Daniel James, 44, was charged under the Official Secrets Act at the City of Westminster magistrates court of giving information "calculated to be directly or indirectly useful to the enemy". Mr James, who was dressed smartly in a quilted jacket, spoke to confirm his name and date of birth before the charge was read to him.

The charge relates to an incident on 2 November this year, and is under section one (1) (C), of the Official Secrets Act 1911. No further details about the allegations were released and reporters were asked to leave the court as the hearing was continued in camera.

After allowing reporters back into court, Judge Timothy Workman said: "I have been given certain information which leads me to the conclusion that it will be necessary to hear certain facts in camera as there is a possible prejudice to national security."

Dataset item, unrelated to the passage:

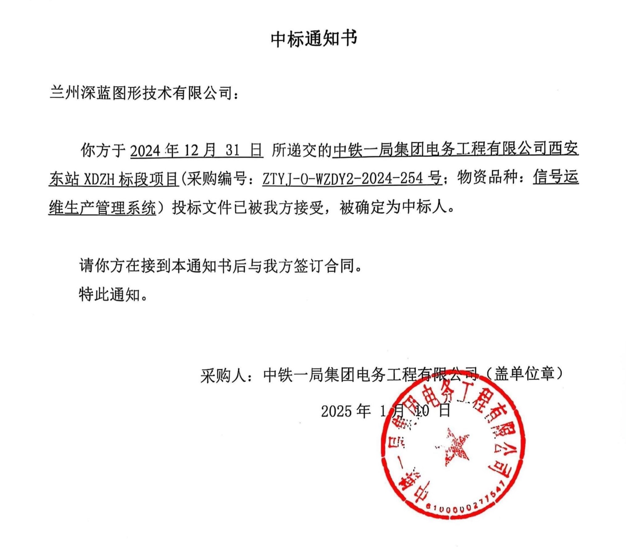 熱烈祝賀我公司中標中鐵一局集團電務工程有限公司西安東站XDZH標段項目

The hearing then continued in camera again. After a long break period in camera, the hearing was reopened to members of the media. Judge Workman said he had heard "detailed submissions" and he was satisfied that, if these were made public, there would be a risk of prejudice to national security.

The prosecution, he said, were asking for a remand to obtain the Attorney General's consent for the prosecution. Mr James was remanded in custody until 27 December. There was no application for bail.

Iran has a strategic interest in Afghanistan, which is the base for 6,000 British troops who are part of a Nato force that is supporting the Afghan government against a resurgent Taliban.